Your assignment
Transcribe only the part of the material below that begins at the line containing "Huapao, a traditional" and ends at the line containing "本网讯(文/艾洁、图/艾洁)", with both kept and images left out.

Records for this exercise
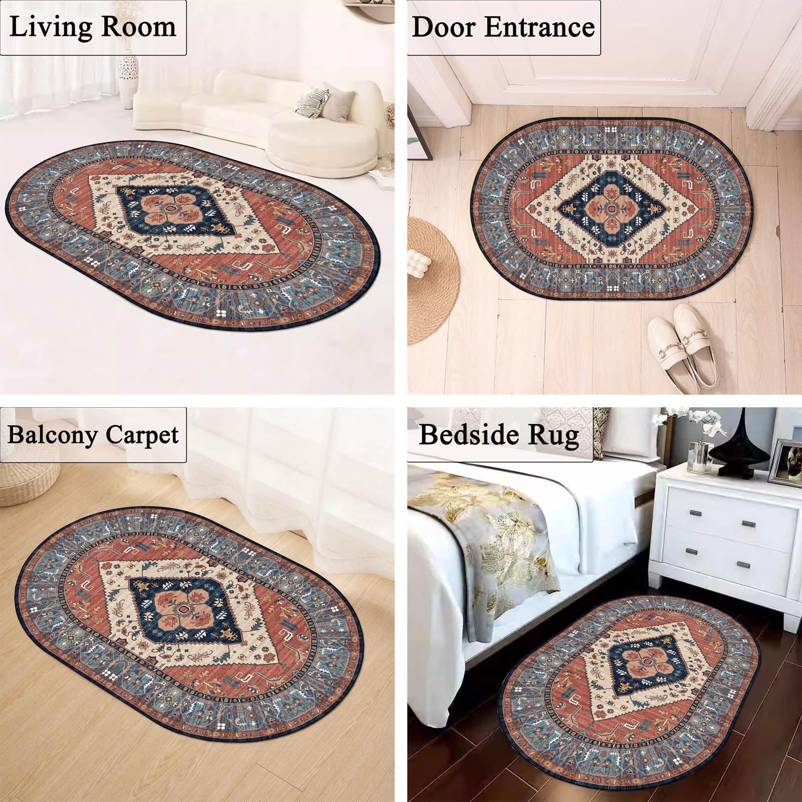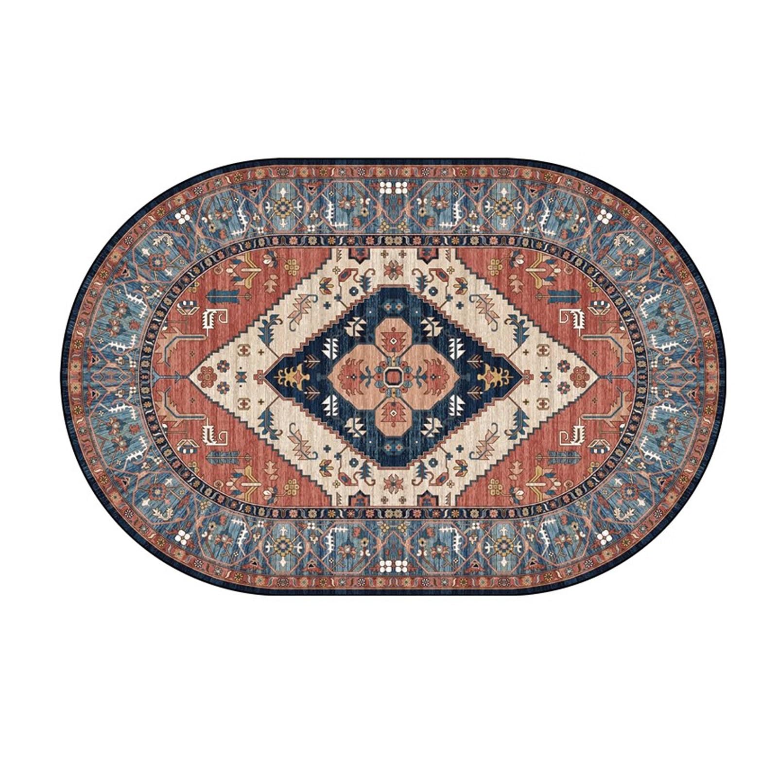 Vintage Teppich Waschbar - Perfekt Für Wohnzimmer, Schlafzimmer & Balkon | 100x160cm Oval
--
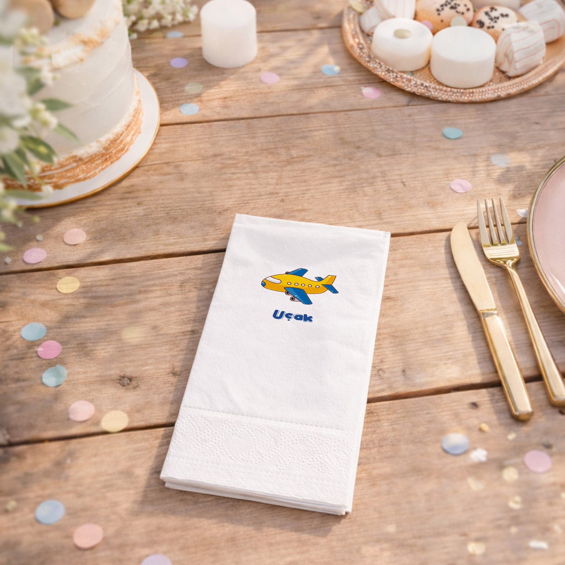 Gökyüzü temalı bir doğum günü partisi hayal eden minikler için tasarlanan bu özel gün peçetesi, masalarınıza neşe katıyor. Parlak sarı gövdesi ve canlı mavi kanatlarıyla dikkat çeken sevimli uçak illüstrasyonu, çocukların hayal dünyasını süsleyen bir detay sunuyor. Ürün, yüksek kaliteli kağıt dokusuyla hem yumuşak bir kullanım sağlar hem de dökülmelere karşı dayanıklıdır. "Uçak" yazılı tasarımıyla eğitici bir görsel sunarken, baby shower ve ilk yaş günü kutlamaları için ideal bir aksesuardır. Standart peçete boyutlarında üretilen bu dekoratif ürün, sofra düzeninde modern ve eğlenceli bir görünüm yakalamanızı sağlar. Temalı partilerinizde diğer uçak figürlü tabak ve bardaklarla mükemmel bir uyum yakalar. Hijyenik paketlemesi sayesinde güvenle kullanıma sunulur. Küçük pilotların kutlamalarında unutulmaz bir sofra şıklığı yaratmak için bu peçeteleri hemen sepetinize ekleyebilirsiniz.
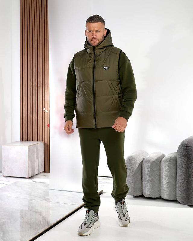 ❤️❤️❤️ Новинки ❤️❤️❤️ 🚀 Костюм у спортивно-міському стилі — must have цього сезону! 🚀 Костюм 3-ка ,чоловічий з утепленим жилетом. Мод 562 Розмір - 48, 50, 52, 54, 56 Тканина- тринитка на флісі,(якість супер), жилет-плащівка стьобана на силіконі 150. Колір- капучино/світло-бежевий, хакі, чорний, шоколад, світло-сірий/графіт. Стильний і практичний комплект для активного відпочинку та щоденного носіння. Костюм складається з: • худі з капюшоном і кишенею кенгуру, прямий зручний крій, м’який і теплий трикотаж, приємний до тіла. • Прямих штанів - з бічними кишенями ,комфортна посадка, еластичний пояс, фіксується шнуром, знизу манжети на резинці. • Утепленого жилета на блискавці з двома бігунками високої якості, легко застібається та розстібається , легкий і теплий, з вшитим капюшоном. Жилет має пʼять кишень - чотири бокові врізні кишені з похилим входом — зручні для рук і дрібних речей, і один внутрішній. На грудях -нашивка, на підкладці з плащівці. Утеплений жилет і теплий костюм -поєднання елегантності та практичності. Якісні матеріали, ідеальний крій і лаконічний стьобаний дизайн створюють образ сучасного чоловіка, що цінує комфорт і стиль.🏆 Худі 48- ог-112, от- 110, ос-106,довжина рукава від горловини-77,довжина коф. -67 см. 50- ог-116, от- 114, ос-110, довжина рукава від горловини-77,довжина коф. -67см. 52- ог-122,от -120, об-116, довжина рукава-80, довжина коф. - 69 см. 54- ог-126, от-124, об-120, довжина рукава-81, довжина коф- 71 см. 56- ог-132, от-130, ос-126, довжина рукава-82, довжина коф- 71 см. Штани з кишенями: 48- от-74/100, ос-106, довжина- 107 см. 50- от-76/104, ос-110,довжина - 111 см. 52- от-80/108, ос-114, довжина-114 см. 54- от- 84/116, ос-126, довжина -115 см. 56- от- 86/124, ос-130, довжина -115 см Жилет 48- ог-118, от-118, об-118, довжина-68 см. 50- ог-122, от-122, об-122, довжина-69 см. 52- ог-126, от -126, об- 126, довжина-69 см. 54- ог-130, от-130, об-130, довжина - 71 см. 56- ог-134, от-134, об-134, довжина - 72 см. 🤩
---
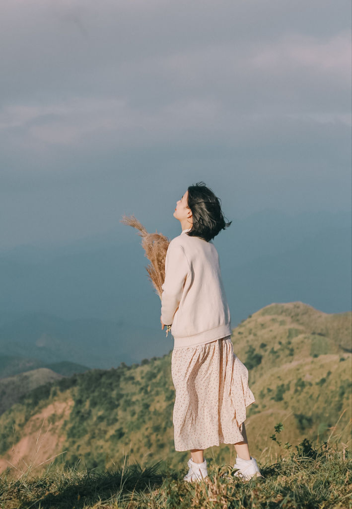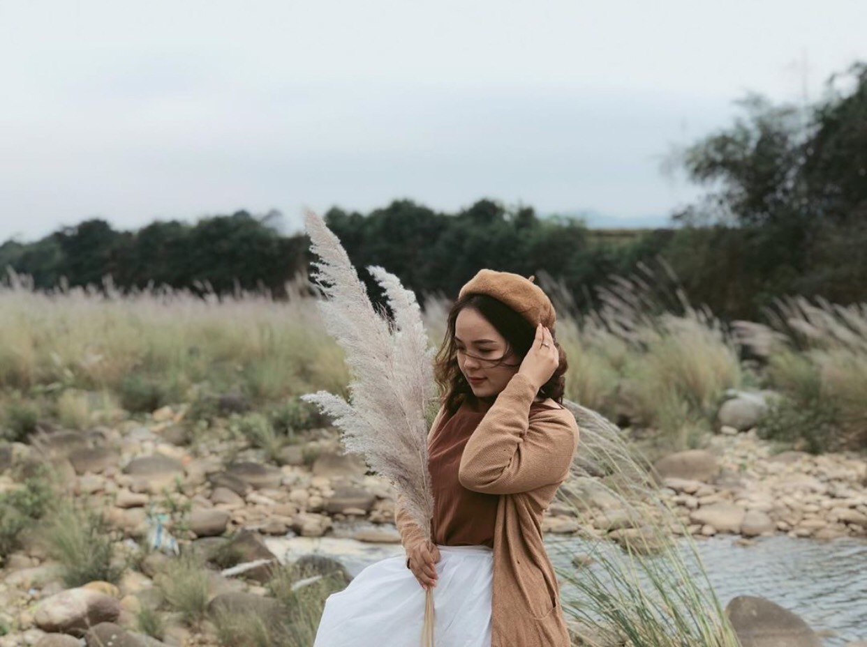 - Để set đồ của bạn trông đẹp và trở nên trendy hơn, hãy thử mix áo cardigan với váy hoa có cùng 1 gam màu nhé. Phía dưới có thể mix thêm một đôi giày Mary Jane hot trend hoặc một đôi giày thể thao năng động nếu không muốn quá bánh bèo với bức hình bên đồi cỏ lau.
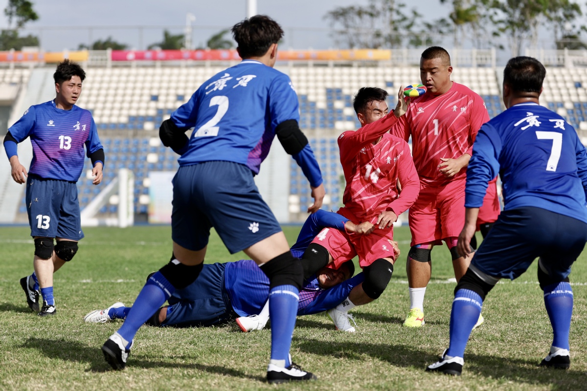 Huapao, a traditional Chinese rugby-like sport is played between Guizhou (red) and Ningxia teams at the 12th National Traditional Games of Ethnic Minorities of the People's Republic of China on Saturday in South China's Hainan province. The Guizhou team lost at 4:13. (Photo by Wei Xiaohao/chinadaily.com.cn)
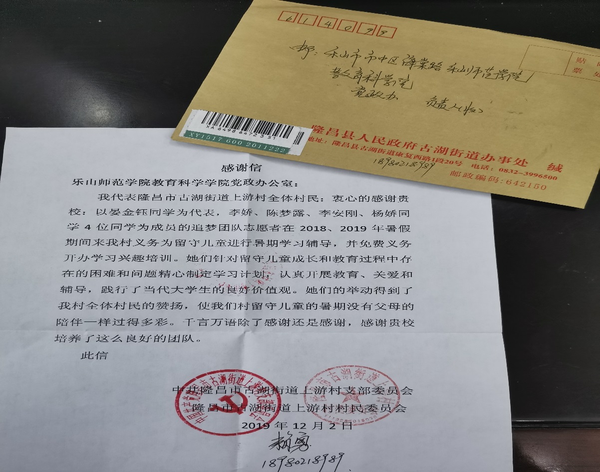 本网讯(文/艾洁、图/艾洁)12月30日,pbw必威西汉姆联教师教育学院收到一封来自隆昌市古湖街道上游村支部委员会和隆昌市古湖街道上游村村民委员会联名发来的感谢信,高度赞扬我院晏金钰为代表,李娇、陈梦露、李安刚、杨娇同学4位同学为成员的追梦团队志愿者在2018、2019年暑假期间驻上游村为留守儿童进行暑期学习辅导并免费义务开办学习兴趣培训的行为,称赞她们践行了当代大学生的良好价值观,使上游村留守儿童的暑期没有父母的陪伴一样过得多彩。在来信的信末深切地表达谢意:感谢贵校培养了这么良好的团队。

Task solution
 Huapao, a traditional Chinese rugby-like sport is played between Guizhou (red) and Ningxia teams at the 12th National Traditional Games of Ethnic Minorities of the People's Republic of China on Saturday in South China's Hainan province. The Guizhou team lost at 4:13. (Photo by Wei Xiaohao/chinadaily.com.cn)
 本网讯(文/艾洁、图/艾洁)12月30日,pbw必威西汉姆联教师教育学院收到一封来自隆昌市古湖街道上游村支部委员会和隆昌市古湖街道上游村村民委员会联名发来的感谢信,高度赞扬我院晏金钰为代表,李娇、陈梦露、李安刚、杨娇同学4位同学为成员的追梦团队志愿者在2018、2019年暑假期间驻上游村为留守儿童进行暑期学习辅导并免费义务开办学习兴趣培训的行为,称赞她们践行了当代大学生的良好价值观,使上游村留守儿童的暑期没有父母的陪伴一样过得多彩。在来信的信末深切地表达谢意:感谢贵校培养了这么良好的团队。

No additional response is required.